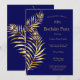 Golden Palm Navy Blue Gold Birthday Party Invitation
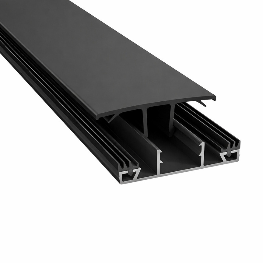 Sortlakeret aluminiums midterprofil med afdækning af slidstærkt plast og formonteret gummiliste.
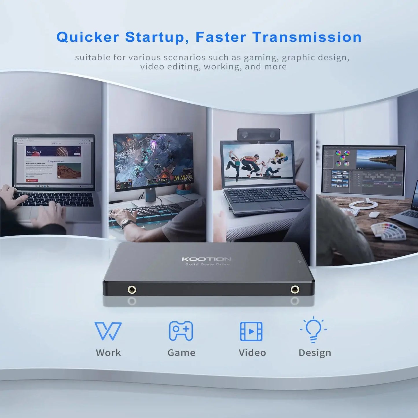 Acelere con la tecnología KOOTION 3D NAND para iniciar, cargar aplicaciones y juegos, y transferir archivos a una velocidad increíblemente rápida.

========================

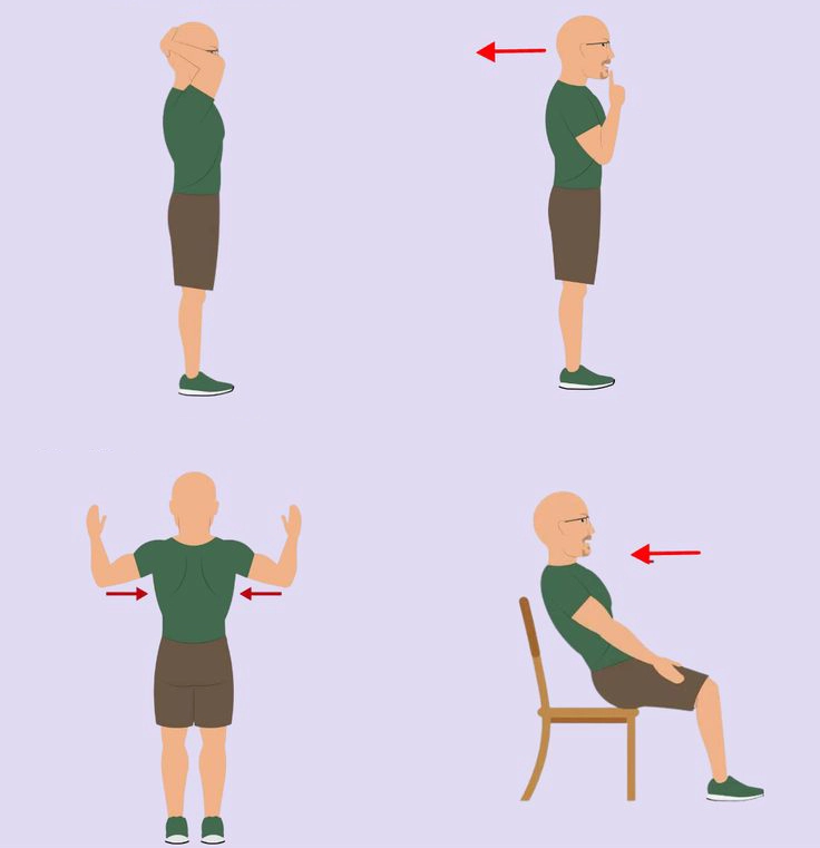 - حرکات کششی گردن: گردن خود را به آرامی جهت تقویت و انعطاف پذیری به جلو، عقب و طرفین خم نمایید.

========================

• [Brief]:
In the material above, which lines fall between the one holding "Golden Palm Navy" and the one holding "Acelere con la", inclusive? Print exactly those, with the pictures left out.

• [Solution for this problem]:
 Golden Palm Navy Blue Gold Birthday Party Invitation
 Sortlakeret aluminiums midterprofil med afdækning af slidstærkt plast og formonteret gummiliste.
 Acelere con la tecnología KOOTION 3D NAND para iniciar, cargar aplicaciones y juegos, y transferir archivos a una velocidad increíblemente rápida.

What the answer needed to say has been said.